I posted something on how to do exponential backoff using jQuery promises a while ago. At the time, I never thought I would be implementing that in VBA because of all the asynchroncity and callbacks needed, but since implementing a basic promises for VBA, I realized that a VBA implementation would now be achievable.

What is Exponential backoff

Exponential backoff is the recommended way to deal with certain web service temporary failures (according to Google developers’ best practices anyway). The idea is pretty straightforward. If you get a failure due to server too busy or inadequate client throttling, then wait for increasingly long, (but with a random element) amounts of time (exponential amounts) , then try again. Repeat till success or you give up.

Combining with asynchronicity

That in itself is a pretty good strategy for painlessly handling errors like that for a single, synchronous fetch – of the type that we usually limit ourselves to in VBA. But if you want to do many fetches at the same time, asynchronously, and you also combine that with handling backoff and retrying, then the whole thing becomes way too complex to orchestrate using normal VBA techniques. Here’s how to implement it in VBA

Solution Approach

VBA syntax limitations get in the way and complicate things a bit, but we still end up with a digestible solution, even though the background components are a little messy. Here’s some of the complications.
  • Promises for orchestration. These use custom VBA events along with callByName to custom classes to execute completion callbacks.
  • Asynchronous xmlHttp. This needs some fiddling around to create a custom class with a default member.
  • SetTimer.
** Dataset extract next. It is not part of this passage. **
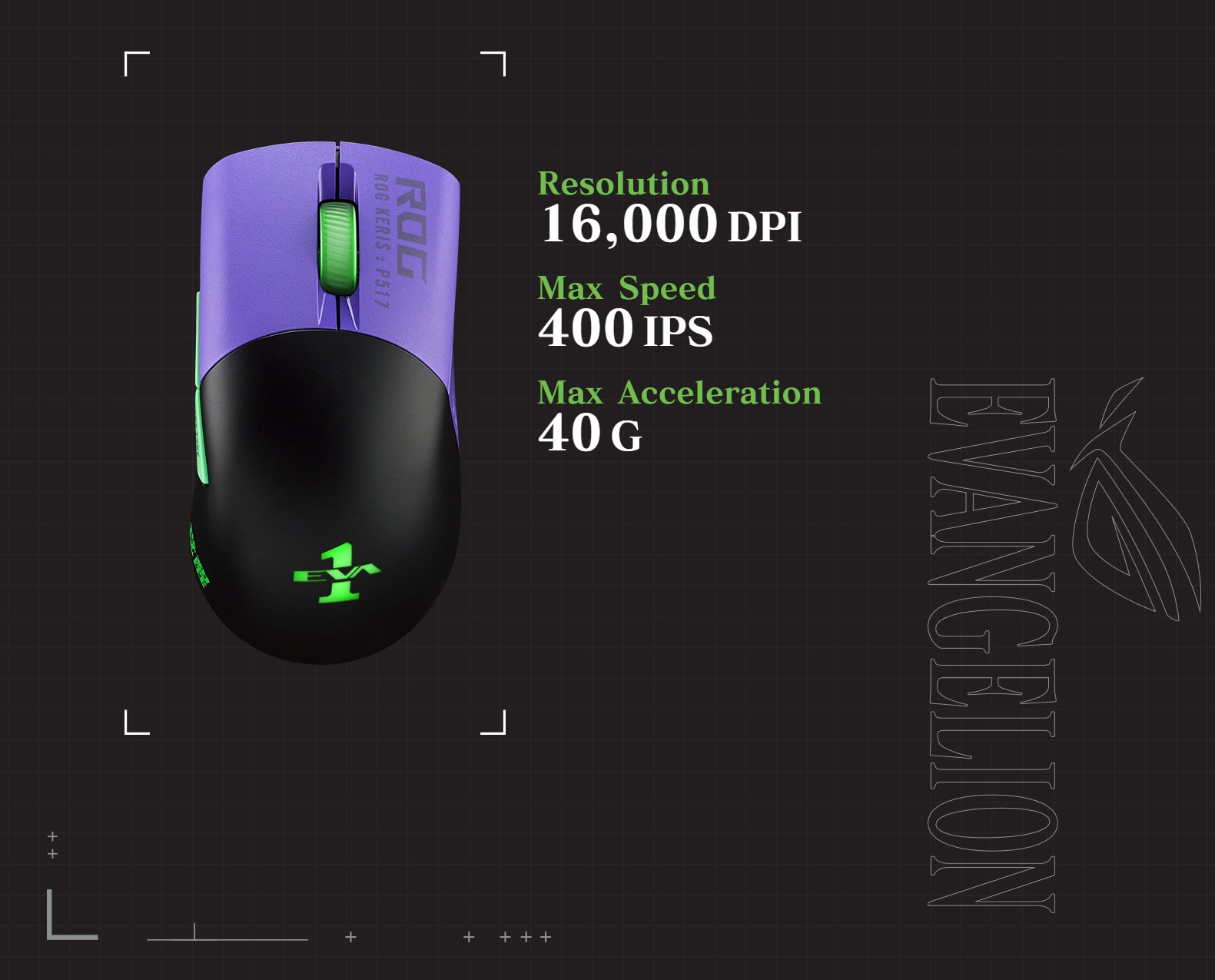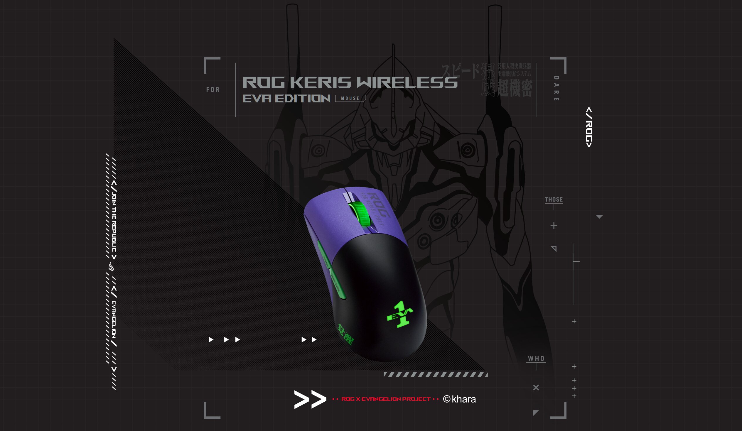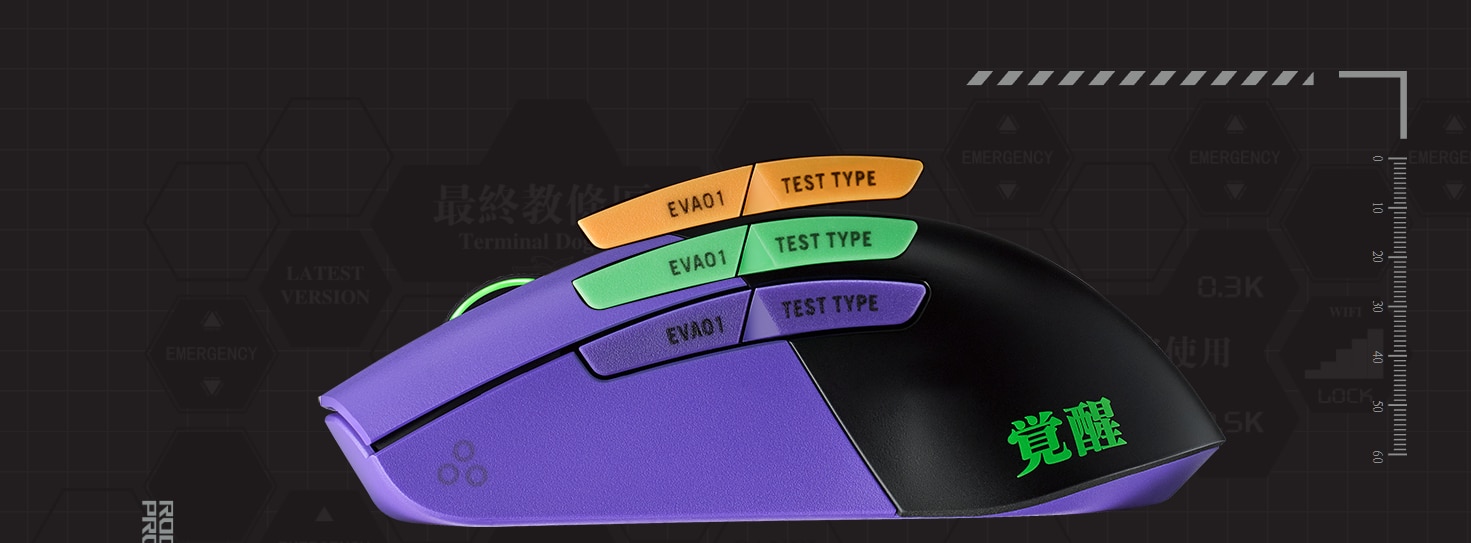 Suntem in anul 2022. Republica Gamerilor lanseaza un nou echipament pentru proiectul EVANGELION. ROG Keris Wireless EVA Edition cantareste doar 79 de grame si poarta schema de culori verde si violet izbitoare a lui EVA-01. Cu un senzor ROG de 16.000 dpi si mufe de comutator ROG push-fit, utilizatorii pot tinti cu o precizie extrema si pot personaliza cantitatea de forta de declansare necesara pentru a livra o incarcatura amenintatoare.

This uses windows api calls to callback time sequenced recursive functions.
  • JSON. This is dealt with extensively on this site in the jSon section. See How to use cJobject for how to parse and organize the returned JSON data.

The test case

In University Rankings visualized, I pick up a large number of worksheets directly from a Google Docs workbook for Google Visualization. I’m going to replicate this, sourcing the data from Google Docs Directly, but creating a chart in Excel. The main demonstration here though, is how to retrieve about 40 worksheets simultaneously and asynchronously, whilst handling orchestration of server overload rejections, using VBA promises.